O Comitê Central, em fevereiro de 1951, decidiu criar uma escola nacional de formação de quadros, e a comissão de educação, órgão auxiliar, teve a incumbência de coordenar os trabalhos. Também foram criadas escolas em dezenas de cidades e em diversos estados. A escola que os militantes de Alagoas participaram ficava em Recife. Um professor, membro da comissão e que já havia estudado em Moscou, foi quem ministrou as aulas dessas fases do Curso Stálin.
O dirigente comunista Rubens Colaço participou da organização do curso Stálin em Alagoas, onde 28 militantes e dirigentes intermediários de Alagoas e Pernambuco fizeram o curso, realizado numa fazenda no município de Murici (AL), em absoluta clandestinidade.6
Para o primeiro curso realizado em Recife, de Alagoas foi designado pelo Partido o operário têxtil Sílvio da Rocha Lira.
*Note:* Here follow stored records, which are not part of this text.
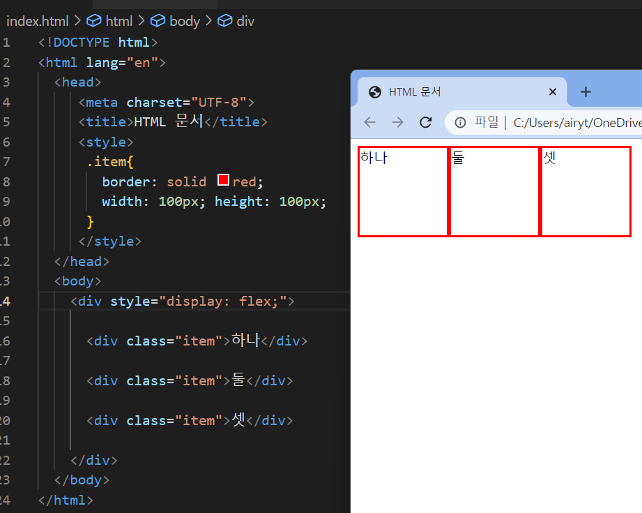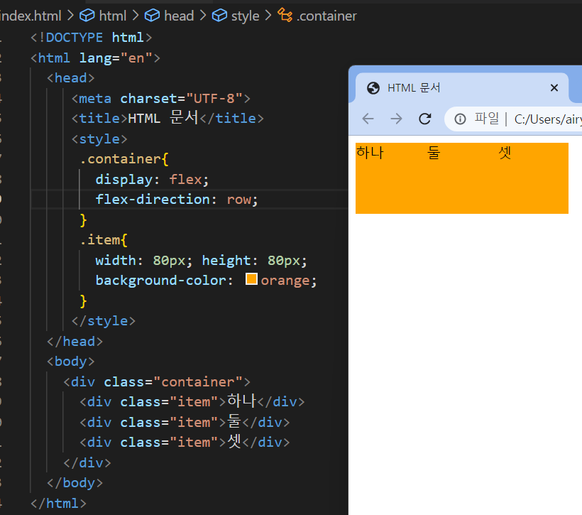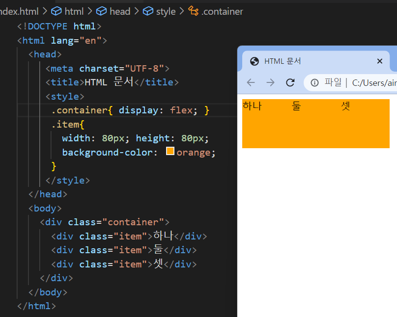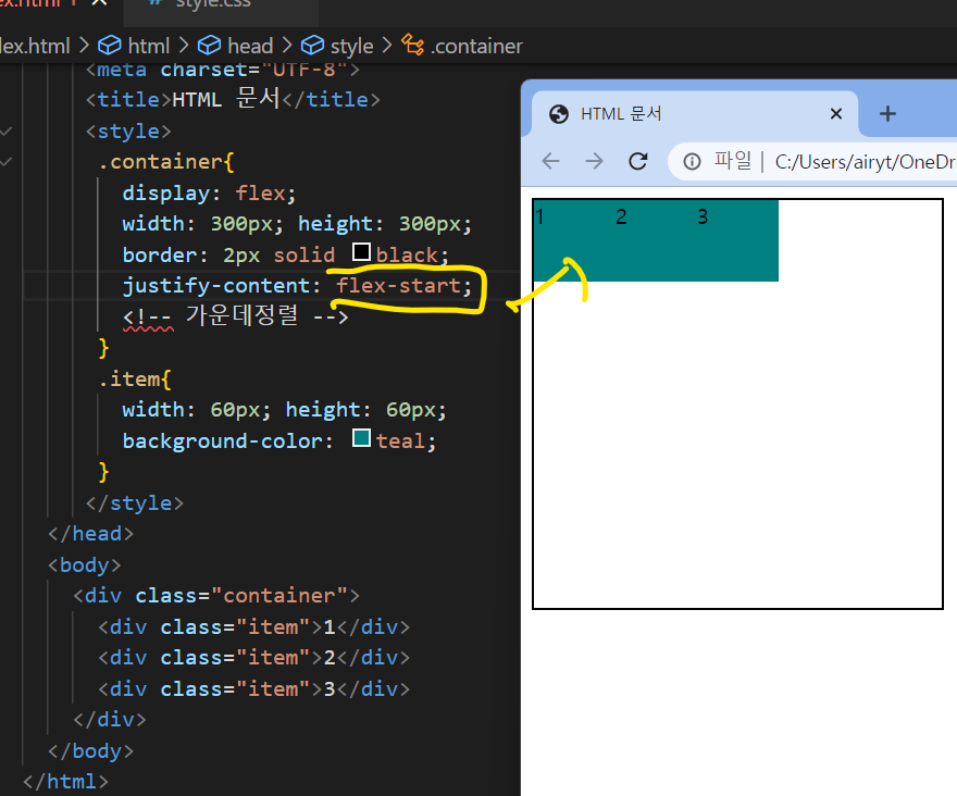 justify-content: flex-start (요소를 앞쪽에 몰아넣기)
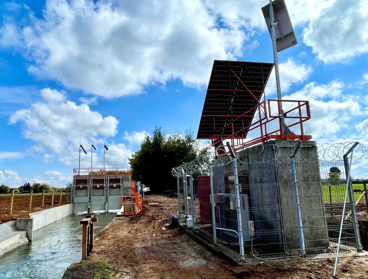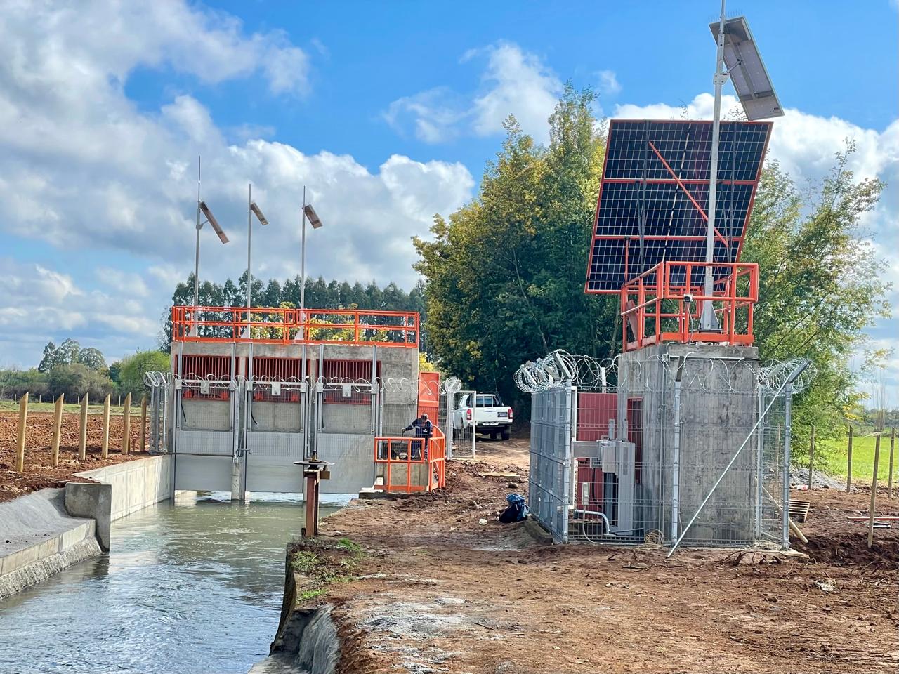 Imágenes correspondientes al Proyecto Codigo 54-2023-08-005 Automatización de compuertas y telemetría de canal Bío Bío Sur Derivado Licura Munilque, Importante obra de seguridad que nos permite tener un mejor control de caudal ante las repentinas crecidas de caudal producto de las lluvias y temporales.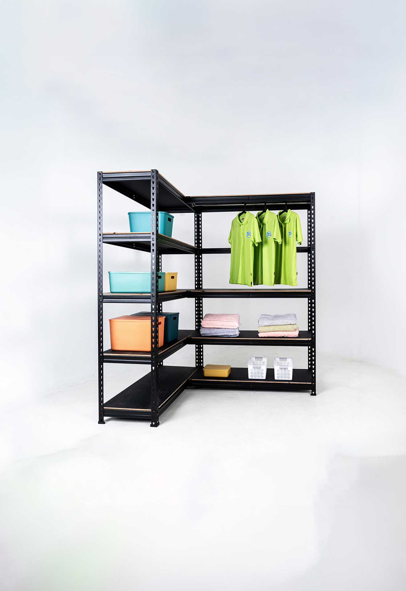 One of the key highlights of our L shaped boltless racks is to remove the centre beam, allowing for unobstructed corner storage and easier access to items.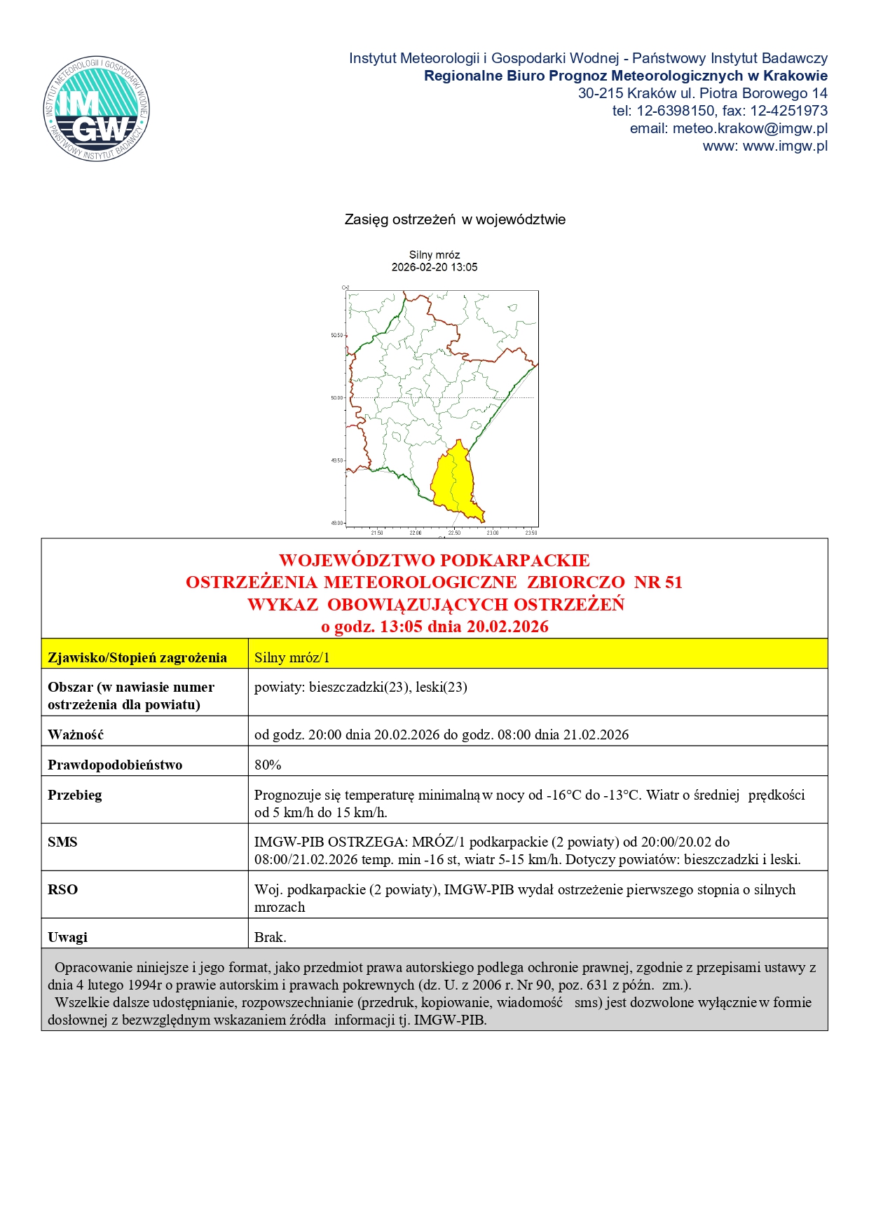 WOJEWÓDZTWO PODKARPACKIE OSTRZEŻENIA METEOROLOGICZNE ZBIORCZO NR 51 WYKAZ OBOWIĄZUJĄCYCH OSTRZEŻEŃ z dnia 20.02.2026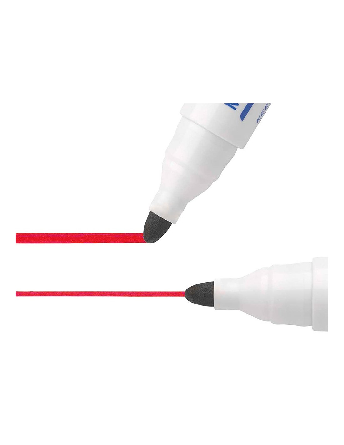 Rotulador para pizarra blanca con punta redonda cónica. Tinta a base de alcohol que genera menos olor. Se borran en seco fácilmente incluso después de varios días. Punta de 4,95 mm. Trazo de 1,4 mm.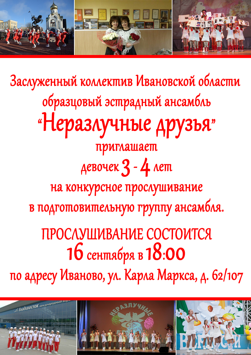 16 сентября 2019 года в 18:00 в областном центре культуры и творчества состоится конкурсное прослушивание в подготовительную группу образцового эстрадного ансамбля "Неразлучные друзья" (руководители Заслуженные работники культуры РФ Марина Альбертовна и Наталья Альбертовна Соковы).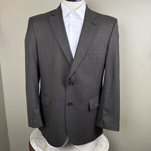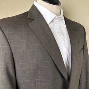 Jos A Banks 40R Brown Plaid 2 button, 1 vent Sport Coat . Excellent pristine condition . 100% wool. My FLAT measurements are : Chest between axilla 21", Waist above top button 20", sleeve 24" zfrom top of ahoulder seam to end of cuff, length from bottom of collar to end of hem 31", and Shoulders between seams 19". Thank you for your consideration if this Brown plaid sport coat in breathable wool by Jos A Banks !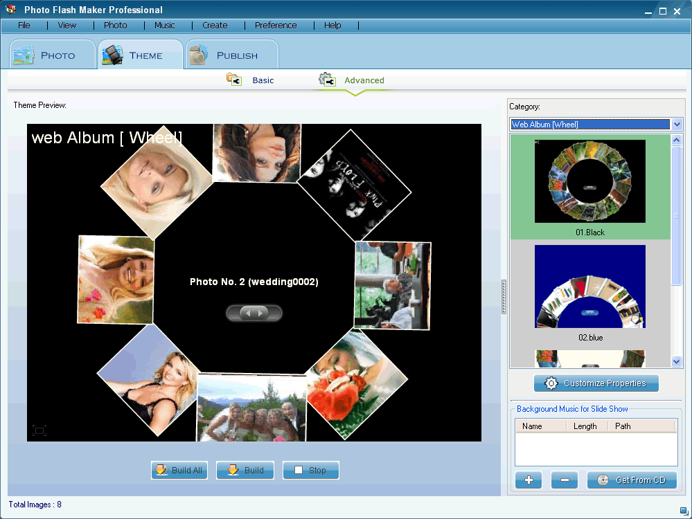 S Photo Maker Flash, můžete vytvořit úžasné prezentace fotografií ve formátu Flash SWF pro sledování na počítači, vypálit auto-run flash fotoalbum na dárek CD / DVD, vytvářet webové galerie se skvělými flash prezentací s dynamickými SWF + HTML + soubory XML , nebo nahrát prezentace na naší bezplatné webové album Go2Album, a pak vložit slideshow na Facebook, MySpace, Blogger, Friendster a mnoho dalších společenských webových stránek.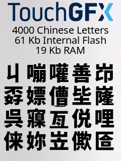 在該應用中,有4000個大小為20、每像素4位元的中文字元。 應用程式和資料佔用了STM32G071上128 Kb可用存儲空間中的61 Kb。 字體資料分配如下(不包括次要物件):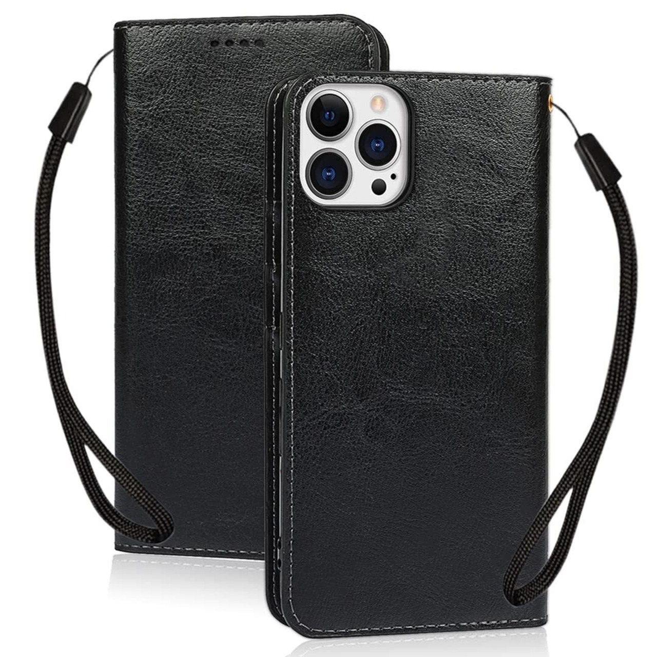 iPhone 14 Pro Max ケース 手帳型 【ハンドストラップ付】 適用 アイフォン14プロマックス スマホケース iPhone14promax カバー ケース アイフォン 14 プロ マックス 手帳型ケース アイホン 14プロマックス ケース 【Heofuixt】 レザー スタンド ストラップ カード入れ 内蔵マグネット 弱磁 落ち着いた ブラック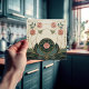 A fresh take on classic Mackintosh-inspired design, this elegant ceramic tile features stylized roses arranged like a faux stained-glass panel. Clean geometric framing, bead-chain details, and sweeping curved stems create a refined Art Nouveau look with a hint of Art Deco structure. The soft ivory background and muted palette of deep teal, sage green, and dusty blush pink are finished with warm metallic-gold outlines for a layered, dimensional effect. Perfect as a decorative wall accent, kitchen backsplash detail, bathroom feature tile, fireplace surround, or gift for lovers of vintage floral design.

A comissão de educação do Comitê Central havia planejado três cursos para atender aos estados de Pernambuco, Alagoas e Paraíba. O encarregado pelos cursos foi o jornalista mineiro Marco Antônio Tavares Coelho, que naquela época passou a residir em Pernambuco. Os principais dirigentes desses estados participaram do curso Stálin: Hiran de Lima Pereira, Jayme Amorim de Miranda, Ivo Valença, Paulo Cavalcanti, José Raimundo da Silva, Djaci Magalhães, Claudio Tavares, Clodomir Morais, entre outros.7
O trabalho de educação implantado pelo PCB naquele momento, início da década de 1950, tinha a perspectiva de formar quadros teóricos e ideologicamente comprometidos com a linha política definida no Manifesto de Agosto de 1950, na perspectiva da luta armada. Nessa conjuntura, a preparação de quadros dirigentes em todos os níveis era essencial.
Apelo de Estocolmo
O comitê permanente do Congresso Mundial dos Partidários da Paz, reunido em Estocolmo, em março de 1950, lançou um apelo pela proibição da bomba atômica através de uma campanha de assinaturas. Os comunistas brasileiros, a exemplo dos comunistas de todo o mundo, deram início à campanha pela paz, contra o envio de tropas à Coreia e a utilização de armas atômicas. A coleta de 4,2 milhões de assinaturas realizada pelos comunistas brasileiros causou certa surpresa em nível mundial.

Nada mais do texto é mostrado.